De plus, on ne sait pas comment se fera la cohabitation entre le nouvel OAR et la CSF, qui continuera d’encadrer entre autres les représentants en épargne collective et en assurance de personnes sur le plan de la discipline et de la formation continue. Ces incertitudes ont de quoi nourrir les doutes et les appréhensions dans l’industrie.
Le moment choisi pour mener ce projet réglementaire d’envergure n’a pas non plus de quoi réjouir les acteurs de plus petite taille, dont les ressources sont souvent limitées et qui accueillent tout changement réglementaire comme un alourdissement de leurs coûts opérationnels.
Ces courtiers se conforment actuellement aux exigences des réformes axées sur le client, dont la connaissance du produit et la gestion des conflits d’intérêts.
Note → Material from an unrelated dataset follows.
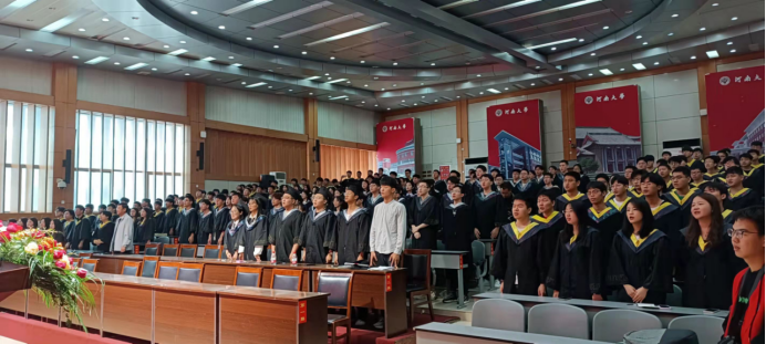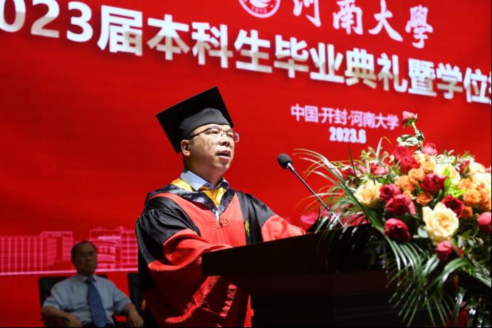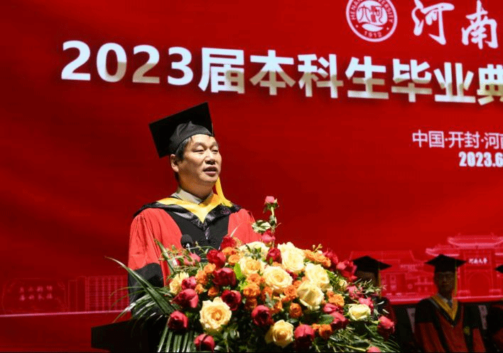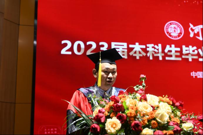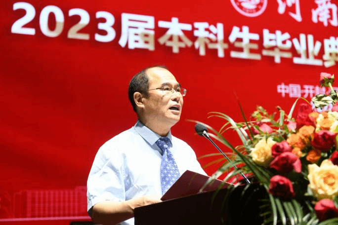 教师代表、河南省首席科普专家戴树玺教授饱含深情地回忆了与同学们相处四年的美好时光,一起探索科学的奥妙和魅力,一起解决各种问题和困难,一起参与各种活动和竞赛,一起见证彼此的成长和进步。并寄语同学们不忘初心使命,始终保持对生活的热情和乐观,牢记社会责任和道德良知,为社会进步和文明发展做贡献。
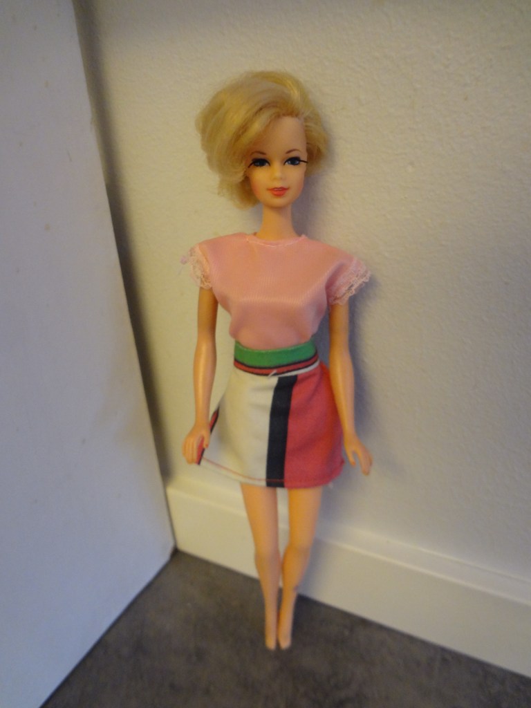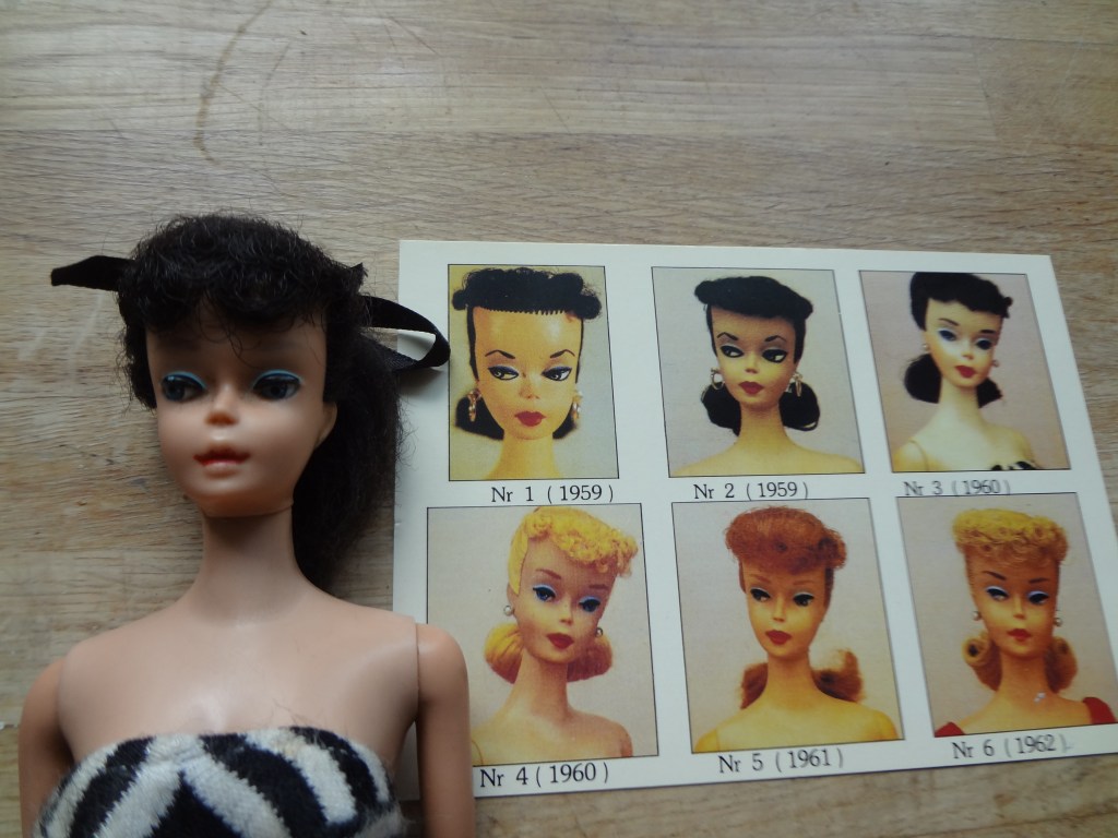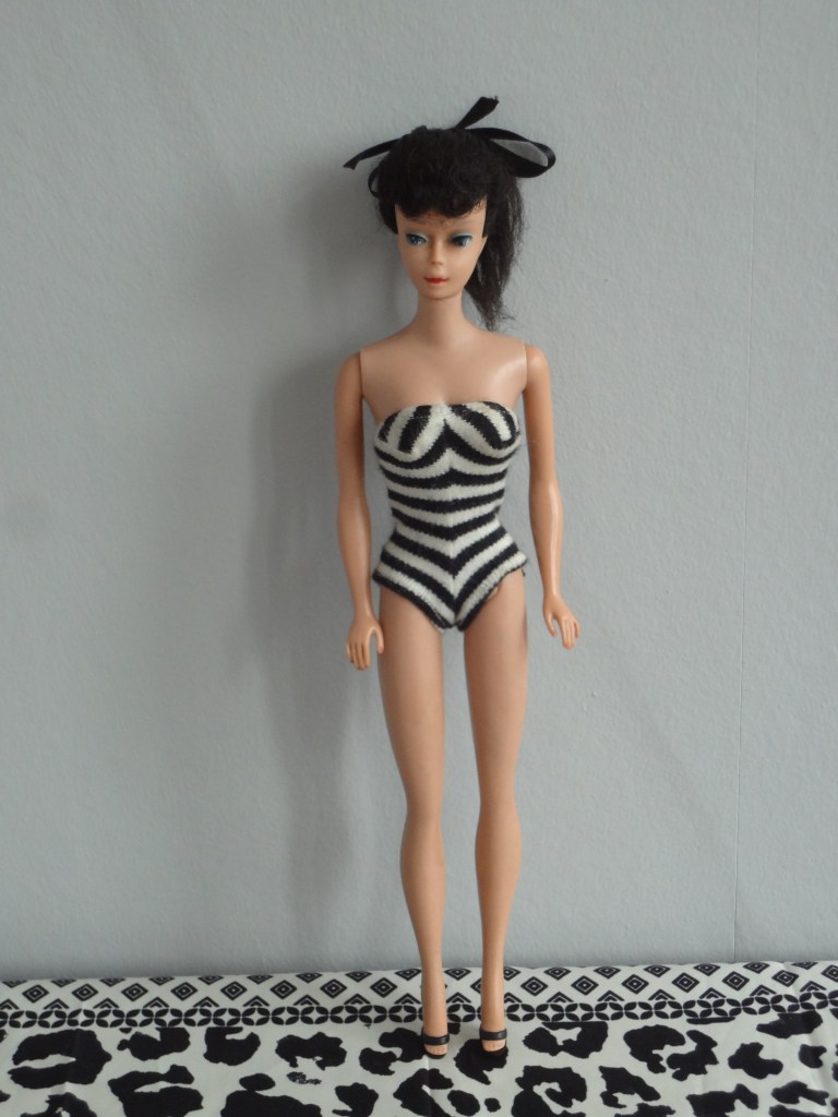 Barbie Bubblecut, en så kallad straight leg, 1959, klädd i originalbaddräkten. Det här är min första Barbie-docka som jag fick i slutet av 60-talet. Jag var för liten för att uppskatta den då, och egentligen under hela min barndom, men nu tycker jag att hon är cool! Tyvärr kan hon inte längre räknas som original för jag hade precis förbättrat hennes läppar när jag läste att man inte ska måla på originaldockor… Men hon kommer alltid att ha ett affektionsvärde för mig!

Ils doivent encore une fois en assumer les coûts, comme ils l’ont fait ces dernières années avec bien d’autres propositions réglementaires, dont les divulgations liées à la phase deux du Modèle de relation client-conseiller et l’abolition de la souscription des fonds d’investissement avec frais d’acquisition reportés.
Cette fatigue relative aux réformes réglementaires successives n’aide pas bon nombre d’acteurs de l’industrie à entretenir de l’espoir à l’égard d’un autre plan dont les bénéfices pour le client restent incertains.
On connaîtra davantage l’avis des membres de l’industrie lors de la fin de la consultation des ACVM sur ce projet réglementaire, qui est prévue pour le 4 octobre prochain.
En raison des nombreuses questions sans réponse que soulève l’énoncé de position des ACVM, Finance et Investissement n’émet pas d’avis officiel sur ce projet. Celui-ci est majeur et nous préférons attendre d’en savoir davantage avant de nous prononcer.
Le projet peut être très positif pour certains membres de l’industrie, mais beaucoup moins pour d’autres. L’histoire contient des exemples à la fois de regroupements d’organismes qui ont été porteurs et d’autres pour lesquels les gains d’efficience ont mis du temps à se matérialiser.
Lorsqu’on en saura davantage sur la feuille de route et l’impact du nouveau cadre réglementaire, on pourra alors mieux juger de la pertinence du plan et de la justesse de la démarche.
Chose certaine, on ne doit pas bâcler le projet d’harmonisation ni, surtout, son arrimage à la singularité du cadre réglementaire québécois.
Il appartient maintenant aux ACVM, et plus particulièrement à l’AMF pour la situation unique du Québec, de tout faire afin de rassurer les sceptiques et de démontrer que le regroupement des
OAR est bénéfique pour toutes les parties prenantes du Québec. Dans les prochains mois, l’AMF aura la difficile mission dans ce dossier de faire passer ces parties prenantes du doute à l’espoir.